Eduardo è stato per me una fonte di formazione strepitosa. Ricordo che ogni tanto tirava fuori una di quelle sue sue micidiali battute... In occasione della registrazione negli studi Rai de Le voci di dentro, per esempio – che è l’opera in cui il personaggio dello zio dialoga con il nipote Eduardo solo attraverso i mortaretti perché non vuole parlare più – accadde che nel momento in cui lo zio doveva accendere una fontana luminosa come segno delle decisione presa di morire (momento culmine dell’intera commedia), invece della fontana luminosa partì uno di quei razzi d’artificio rossi e e verdi che fanno dei botti giganteschi e arrivano fino al soffitto. La scenografia di sedie impagliate prese fuoco, dalla regia non vidi più nulla, c’era soltanto del fumo bianco e sentivo delle urla... Mi precipitai scendendo dalla scaletta della regia e nello studio non c’era più nessuno, erano scappati tutti... Finalmente al centro della sala apparve una sagoma: era Eduardo, che guardava per terra e aveva le mani dietro la schiena, tristissimo. “Caro Camilleri”, mi disse, “la televisione è in mano ai preti e ai piemontesi... Non distinguono una fontana da un furgarolo!”. Qualche anno dopo lo incontrai di nuovo ed era in piena rottura con il fratello Peppino, mentre io l’avevo diretto come regista. Mi guardò e disse: “So che dopo di me avete lavorato con mio fratello Peppino...”, seguì il silenzio. Eduardo faceva delle pause che se uno era colpevole della minima cosa confessava subito! Alzò lentamente il braccio, me lo poggiò sulle spalle e commentò: “La vita, Camilleri, la vita...”.

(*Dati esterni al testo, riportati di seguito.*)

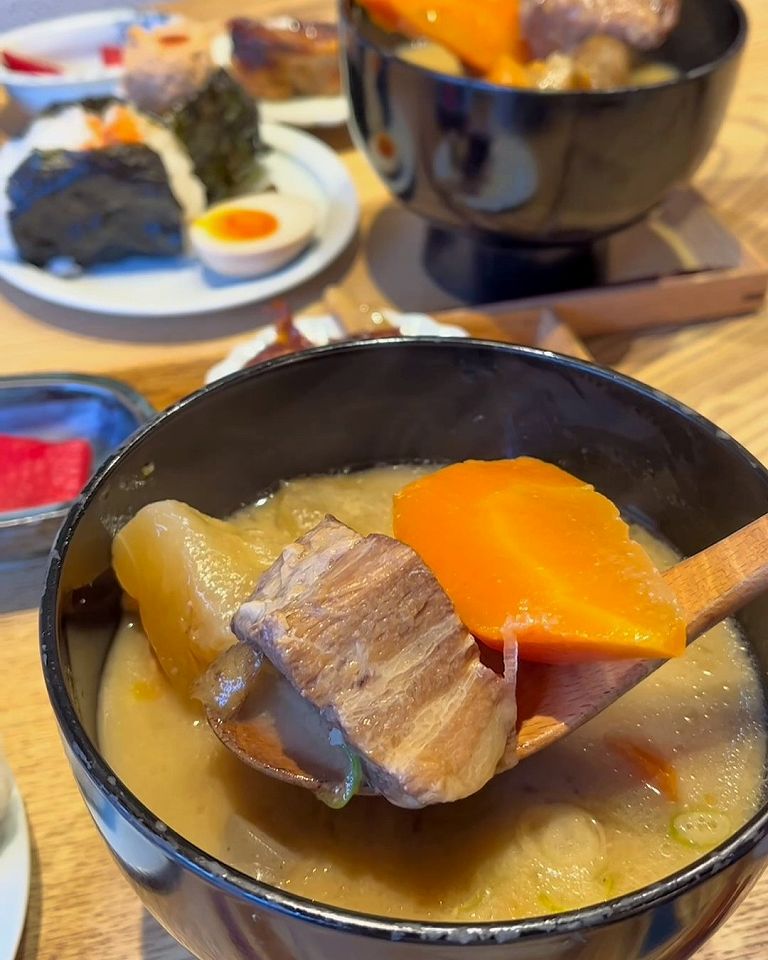 MISOJYUのお味噌汁は思った以上に具が大きくて、食べ応え抜群です!ボリュームはあるのに味は優しく、ほっと一息つける美味しさです。

Un aspetto che caratterizza fortemente i suoi libri è un particolare uso del dialetto, quasi un italiano sicilianizzato, che conferisce una grande espressività ai suoi personaggi…

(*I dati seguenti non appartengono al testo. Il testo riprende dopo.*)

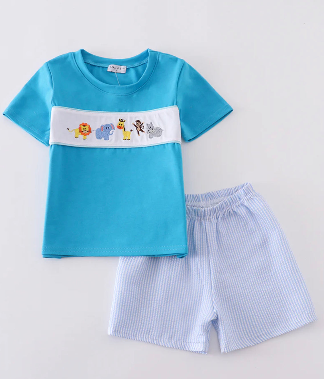 Blue seersucker zoo set
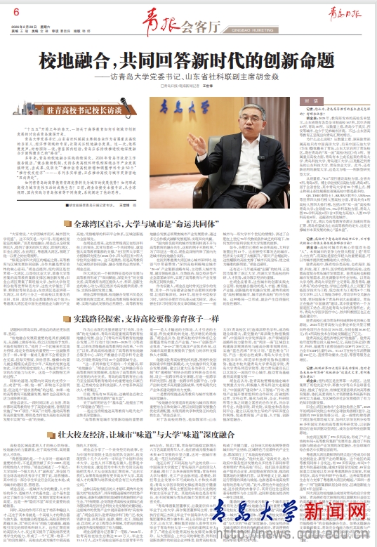 新闻网讯 2月28日,《青岛日报》刊登我校党委书记胡金焱专访文章《校地融合,共同回答新时代的创新命题》,就如何将青岛的高等教育资源优势转化为城市的发展优势、如何形成高校与城市良性互动的成熟生态等问题,胡金焱进行了深入阐述。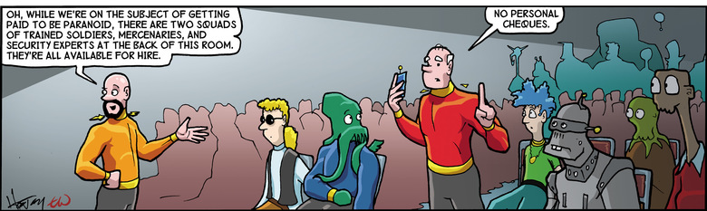 Kevyn: Oh, while we're on the subject of getting paid to be paranoid, there are two squads of trained soldiers, mercenaries, and security experts at the back of this room. They're all available for hire.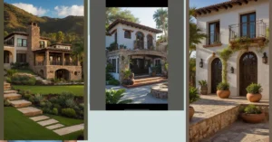 Take a peek at those killer details: the shiny glass railings that make the balcony feel like a VIP lounge, and that huge wooden front door practically begging for a grand entrance. Even the outdoor lights are perfectly placed, making everything glow like it’s ready for a fancy party every night. This isn’t just a house; it’s practically a secret superhero HQ, ready for all your epic plans. With its mix of cool stone, sleek glass, and warm wood, this modern pad has all the perks you’d want in a dream house, without any of the old-school vibes.

Nella mia scrittura è presente l’orgoglio del dialetto che è all’origine della lingua italiana, al fine di raggiungere una certa espressività: soltanto così riesco ad ottenerla. E del resto anche il lato più umoristico delle mie storie viene sottolineato dall’uso del dialetto: l’atteggiamento ironico credo che sia parte del mio essere naturale, nel senso che prendo sempre tutto con ironia, compresi i miei fatti privati, e tramite a certi vocaboli riesco poi a riversare questo mio stato d’animo nella scrittura. Lei è uno degli scrittori più letti in Italia e più tradotti all’estero, ma il successo è arrivato con il tempo, dopo anni di tentativi e grazie alla fiducia della casa editrice Sellerio.

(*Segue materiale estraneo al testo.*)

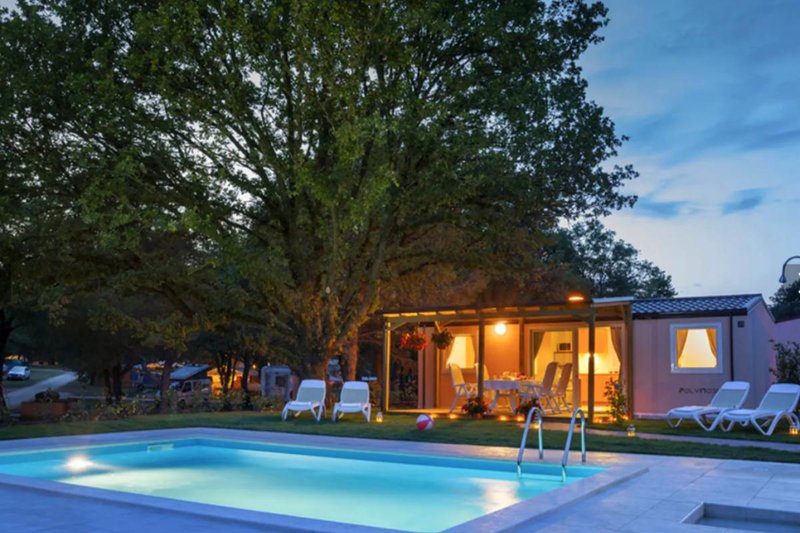 Wer sich ganz besonderen Komfort gönnen möchte, der kann auch eine Deluxe Unterkunft buchen: Mit einem Whirlpool auf der Terrasse bietet dir der Campingplatz Valkanela hier ein besonders luxuriöses Camping-Erlebnis.

Leonardo Sciascia è stato il primo a portare un mio libro a Delfina Sellerio e da quel momento ho cominciato la mia collaborazione con la casa editrice. Io e Sciascia avevamo tanti punti in comune: tutti e due ci muovevamo sotto il segno di Pirandello che era nato ad Agrigento – la nostra casa – e poi lui aveva avuto come professore Vitaliano Brancati che era un mio idolo… La nostra era una vera amicizia, nel senso che litigavamo, a volte anche duramente, però quello che devo a Leonardo è enorme: ancora oggi, superati i 90 anni, nel momento in cui mi sento le batterie scariche ascolto le parole di un suo libro e torno ricaricato.